# Directions
Would you print exactly the lines that begin the listing and continue through the line holding "A stretch poplin"? No pictures, please.

# Input material
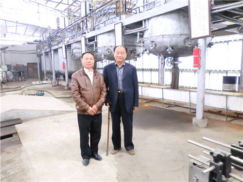 二位董事長在改良劑生產(chǎn)反應釜前留影
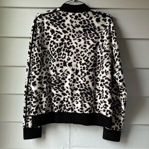 Stylish leopard print jacket for women. Features a chic black and white design, perfect for any occasion.
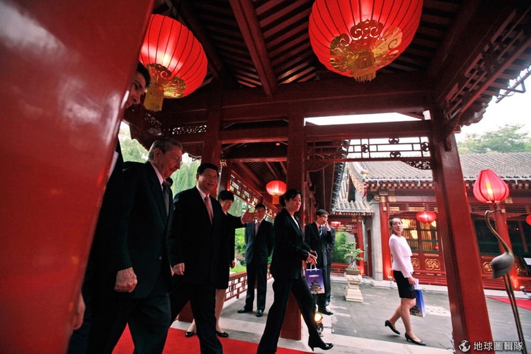 古巴總統卡斯楚在7月的時候訪中,照片中的他們走在北京的「釣魚台國賓會館」(Diaoyutai state guesthouse)廊下。圖片來源:Ng Han Guan - Pool/Getty Images
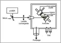 Techniquement, les dépôts de couches minces par ablation laser pulsé sont fondés sur l'interaction entre le matériau cible que l'on souhaite déposer et un faisceau laser impulsionnel (impulsion de l'ordre de la nanoseconde) de forte énergie. Lors du processus d'irradiation laser, des particules sont éjectées de la cible. Dans un premier temps, confinées près de la surface de la cible, ces particules constituent ce que l'on appelle la couche de Knudsen. De mêmes dimensions que le spot laser (1 à 2 ), cette dernière est principalement composée d'ions, d'électrons, mais également d'atomes neutres, de particules diatomiques ou encore de gouttelettes de matériaux en fusion...
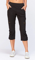 A stretch poplin crop with comfort & style. Features a pull on elastic waistband, two front pockets and two cargo zip pockets, clean back and style lines for added comfort.
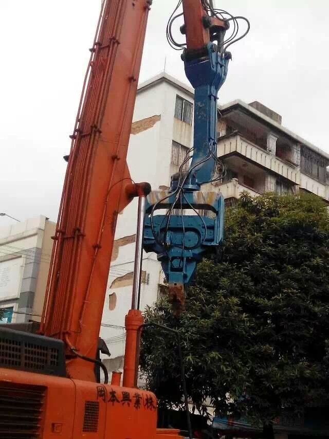 3、震動(dòng)錘,它是取自挖掘機(jī)液壓系統(tǒng)液壓通過(guò)專(zhuān)利技術(shù)安 裝變頻液壓管路?奢敵鲋鲃(dòng)力及加快流量。又可保護(hù)挖機(jī)主油泵不易損壞,利用總數(shù)為偶數(shù)偏心塊,以主速液壓進(jìn)口馬達(dá)作離心力旋轉(zhuǎn),從而產(chǎn)生正弦波狀垂直振動(dòng),再通過(guò)箱體底部夾具傳送給受力的樁體進(jìn)入到地下達(dá)到破壞樁體周?chē)叵峦临|(zhì)阻力。從而使振動(dòng)力樁體進(jìn)出自由。震動(dòng)錘在3分沙7分土的環(huán)境下工作***適合。太惡劣的功罪環(huán)境對(duì)于設(shè)備損傷較大。
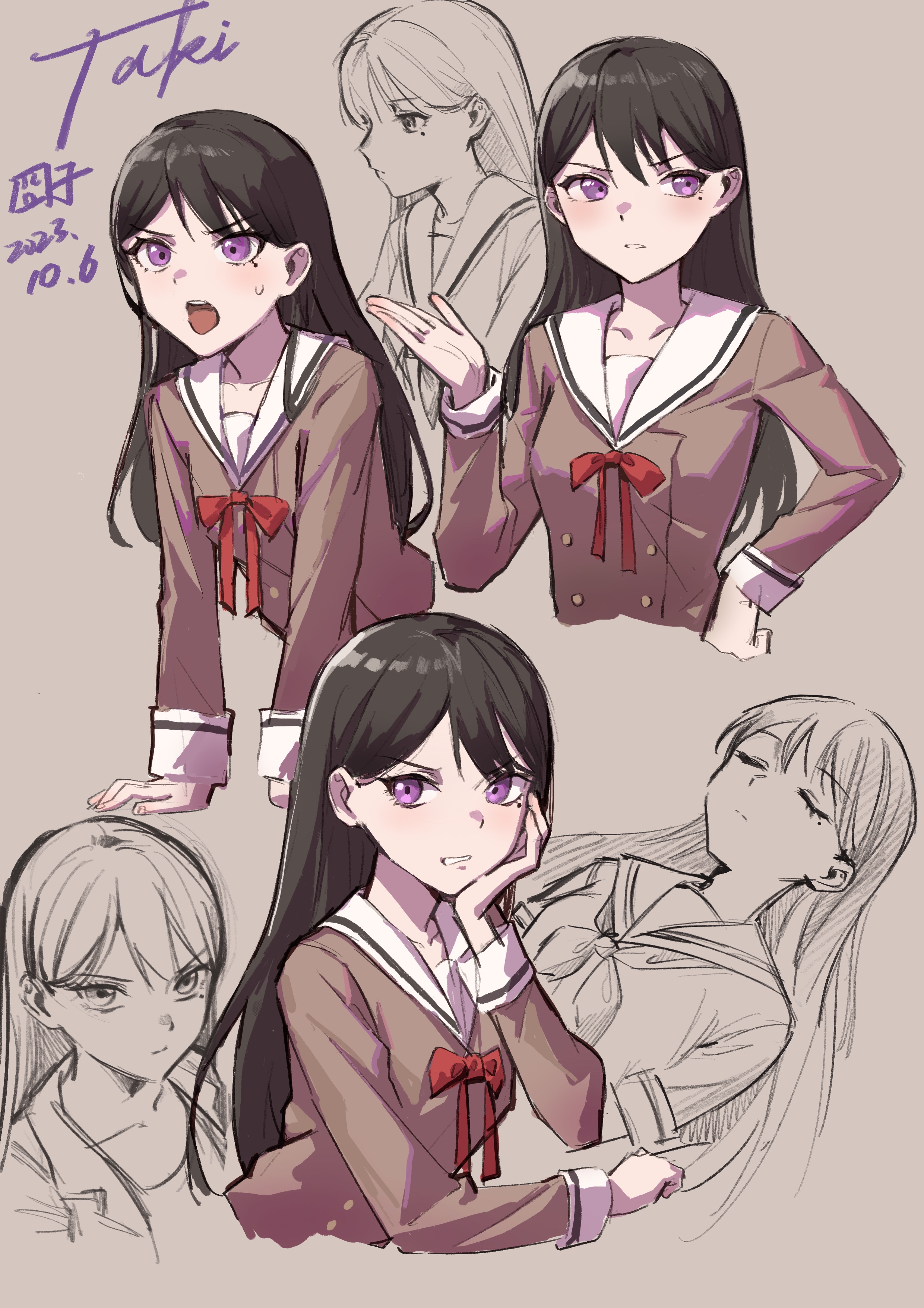 1girl absurdres bang_dream! bang_dream!_it's_mygo!!!!! brown_background brown_hair brown_shirt character_name clenched_teeth closed_eyes closed_mouth commentary dated hanasakigawa_school_uniform highres jiong-zi long_hair long_sleeves mole mole_under_eye multiple_views neck_ribbon open_mouth parted_lips purple_eyes red_ribbon ribbon sailor_collar school_uniform serafuku shiina_taki shirt simple_background teeth white_sailor_collar
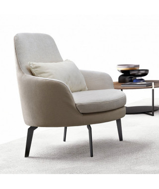 Quasi ricalcando il profilo delle allungate ali metalliche di un moderno aeroplano, gli alti piedini di Air infrangono il soffice orizzonte rappresentato dall’ampio volume della seduta, una sorta di ariosa nuvola che si libra verso l’alto assottigliando progressivamente i propri confini e disegnando nel cielo esuberanti traiettorie curvilinee. Una poltrona che alleggerisce gli spazi, suggerendo quel senso di levità connaturato all’elemento aria.
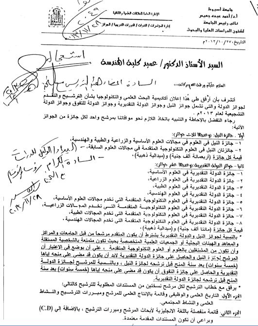 اعلان اكاديمية البحث العلمى والتكنولوجيا بشأن الترشيح والتقدم لجوائز الدولة 2 ديسمبر 2013 تعلن اكاديمية البحث العلمى والتكنولوجيا بشأن الترشيح والتقدم لجوائز الدولة للتفوق وجوائز الدولة والتقديرية والتشجيعية لعام 2013
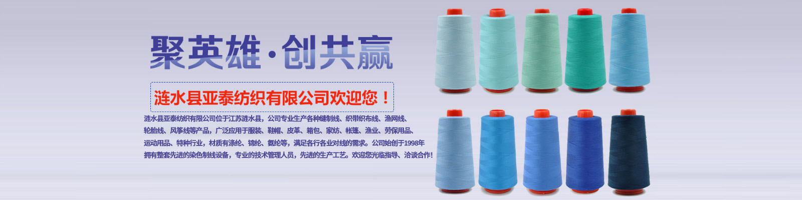 漣水縣亞泰紡織有限公司位于江蘇漣水縣,公司專業(yè)生產(chǎn)各種縫制線、織帶織布線、漁網(wǎng)線、輪胎線、風箏線等產(chǎn)品,廣泛應(yīng)用于服裝、鞋帽、皮革、箱包、家紡、帳篷、漁業(yè)、勞保用品、運動用品、特種行業(yè),材質(zhì)有滌綸、錦綸、氨綸等,滿足各行各業(yè)對線的需求。公司始創(chuàng)于1998年,擁有整套先進的染色制線設(shè)備,專業(yè)的技術(shù)管理人員,先進的生產(chǎn)工藝。歡迎您光臨指導、洽談合作!
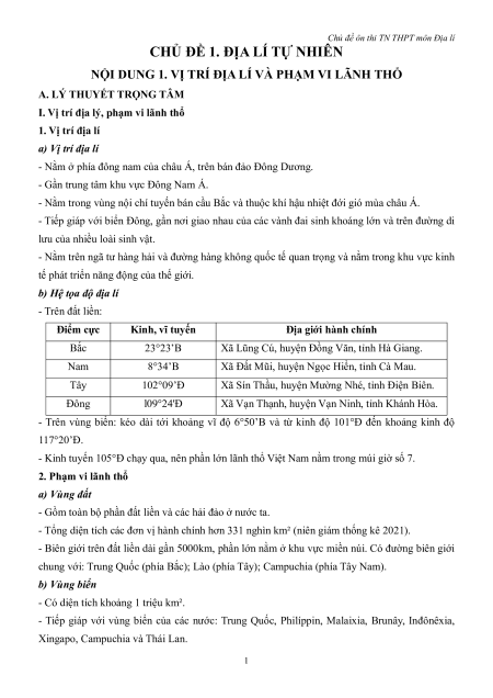 CHỦ ĐỀ 1. ĐỊA LÍ TỰ NHIÊN
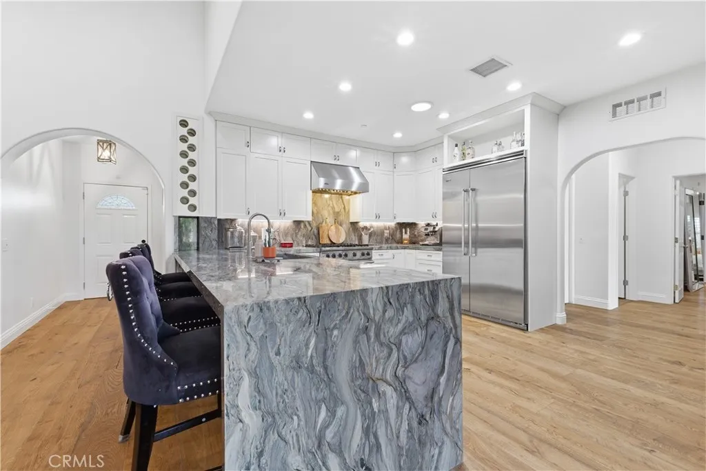 Modern Mediterranean home on approximately 5.1 acres in Arlington Heights. Located on a quiet street with three separate entrances, this property offers both residential and agricultural use, creating an ideal ranch-style living environment. It includes 10 shares of the Gage Canal, established orange groves, and a barn stable. Inside, the home features vaulted ceilings, an open floor plan, high-end finishes, Viking kitchen appliances, custom bathroom designs, and wide-plank oak flooring throughout the 4 bedrooms. Additional highlights include 3 beautifully tiled bathrooms, a dedicated laundry room, a huge carport, a massive canopy, and an additional garage with over 1,300 sq ft of storage plus a bonus room—both garages have epoxy-coated floors. The property is fully fenced with RV parking, an irrigation system, and a yard enhanced by beautiful palm trees. The upgraded backyard provides a unique outdoor retreat perfect for relaxing or entertaining. Located near the Historic California State Citrus Park.

# Answer to this task
 二位董事長在改良劑生產(chǎn)反應釜前留影
 Stylish leopard print jacket for women. Features a chic black and white design, perfect for any occasion.
 古巴總統卡斯楚在7月的時候訪中,照片中的他們走在北京的「釣魚台國賓會館」(Diaoyutai state guesthouse)廊下。圖片來源:Ng Han Guan - Pool/Getty Images
 Techniquement, les dépôts de couches minces par ablation laser pulsé sont fondés sur l'interaction entre le matériau cible que l'on souhaite déposer et un faisceau laser impulsionnel (impulsion de l'ordre de la nanoseconde) de forte énergie. Lors du processus d'irradiation laser, des particules sont éjectées de la cible. Dans un premier temps, confinées près de la surface de la cible, ces particules constituent ce que l'on appelle la couche de Knudsen. De mêmes dimensions que le spot laser (1 à 2 ), cette dernière est principalement composée d'ions, d'électrons, mais également d'atomes neutres, de particules diatomiques ou encore de gouttelettes de matériaux en fusion...
 A stretch poplin crop with comfort & style. Features a pull on elastic waistband, two front pockets and two cargo zip pockets, clean back and style lines for added comfort.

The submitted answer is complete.